Christine Laurent
Christine Laurent
Rédactrice en chef du Vif/L'Express
Opinion

25/05/10 à 10:48 - Mise à jour à 10:48

Le grand cafouillage

L'Europe est en crise. Sa monnaie unique a du mal à encaisser le coup des soubresauts en Grèce. Il faut réagir, mais s'attaquer aux vraies causes des problèmes.

Le grand cafouillage

Par Christine LAURENT

On voudrait croire à un mauvais rêve. Dont on sortirait groggy, certes, mais qui se dissiperait très vite, s'évanouirait miraculeusement. On voudrait croire, aussi, que le tsunami qui a déferlé sur le monde économique en septembre 2008 s'estompait et que l'on pouvait se tourner avec confiance vers l'avenir.

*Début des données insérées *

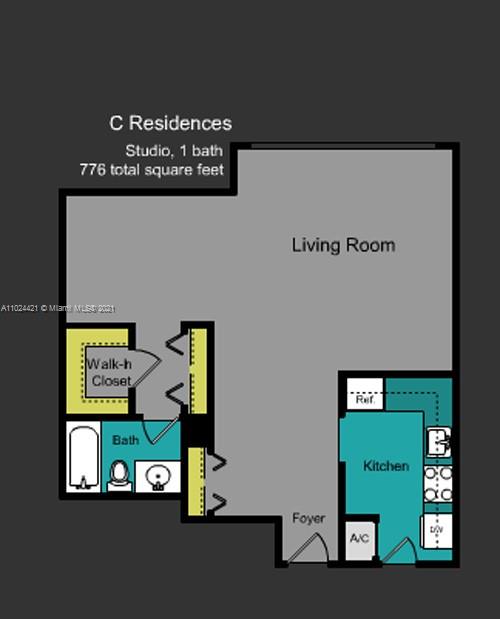 • Жилая площадь: 776 фут² / 72 м²

Et puis est arrivée la menace grecque qui a fait à nouveau trembler l'édifice européen du nord au sud, d'est en ouest. Elle a fondu sur nous comme un orage d'été, foudroyant, un véritable cataclysme qui s'est infiltré jusqu'au coeur même des Etats. L'envers noir du décor: prédictions alarmantes jetées en vrac, dettes publiques menaçantes, vulnérabilité... autant de boursouflures au tableau idyllique que se faisaient les citoyens de la Vieille Europe.

Nous avions donc tout faux! Notre euro si solide, si fort, si résistant, comme le Deutsche Mark autrefois, du pipeau! Un beau panorama brutalement éteint.

"Tous ruinés dans dix ans?", s'interroge, apocalyptique, Jacques Attali dans son dernier livre (éd. Fayard). Histoire de nous plomber encore plus le moral ou de secouer notre torpeur et de nous obliger à réagir? De fait, pour les investisseurs, la zone euro est désormais celle de tous les dangers. La débâcle grecque à peine annoncée (et malgré le fait qu'Athènes avait reconnu la manipulation de ses comptes), les agences de notation se pressaient d'abaisser les notes de crédit des pays du sud de l'Europe, acculant leurs gouvernements dans une impasse inquiétante.

Tergiversations, marchandages, blocages, la cacophonie qui filtre, depuis plusieurs jours, des négociations entre les 16 pays de la zone pour colmater les brèches est assourdissante. Stop à la spéculation, avancent-ils, confondant ainsi symptômes et causes. "La fièvre du patient est en train de grimper et, plutôt que de traiter la maladie, ils préfèrent casser le thermomètre", accusent plusieurs financiers. Et les spécialistes, affolés, de prêcher pour la création d'urgence d'un fonds monétaire européen, pour la mise en place d'une politique budgétaire commune et d'une vraie solidarité entre les Etats. Avoir le courage d'aller plus loin, expliquent-ils dans une unanimité touchante. Qui s'y opposerait?

S'attaquer à la racine du mal? Il le faut! Depuis plus de trente ans, nous vivons au-dessus de nos moyens. Ce n'est pas un scoop, encore moins un secret de Polichinelle. Et certainement pas pour les banques qui en vivaient grassement. Mais aujourd'hui, le ton a changé. Trop fragile l'euro, pointent-ils tous, et pour longtemps. Une cure d'austérité s'impose! Les financiers ont déjà posé leur regard ailleurs: Etats-Unis, pays émergents, là où les investissements s'annoncent nettement plus séduisants. L'Europe, elle, est priée de se serrer la ceinture, de restructurer ses dettes publiques et de se doter des outils nécessaires pour survivre. Au risque d'une récession? D'une aggravation du chômage? D'une diminution des salaires, des retraites? D'une révolte sociale? Au détriment de l'indispensable croissance qui seule, à terme, peut nous sortir de ce bourbier?

L'Europe n'avance qu'avec les crises, on le sait bien. Et l'union fait la force. Oui, mais pour quelles politiques, quelles stratégies, ces indispensables sacrifices? Celles dictées par un capitalisme libéral pur et dur? Ou celles qui privilégient la croissance, même modérée, et l'intérêt des citoyens? Après cette crise, plus rien ne sera comme avant, dit-on. Oui, mais avec pour seul espoir qu'elle accouche d'un modèle économique novateur, plus responsable, plus solidaire, plus créatif et plus audacieux.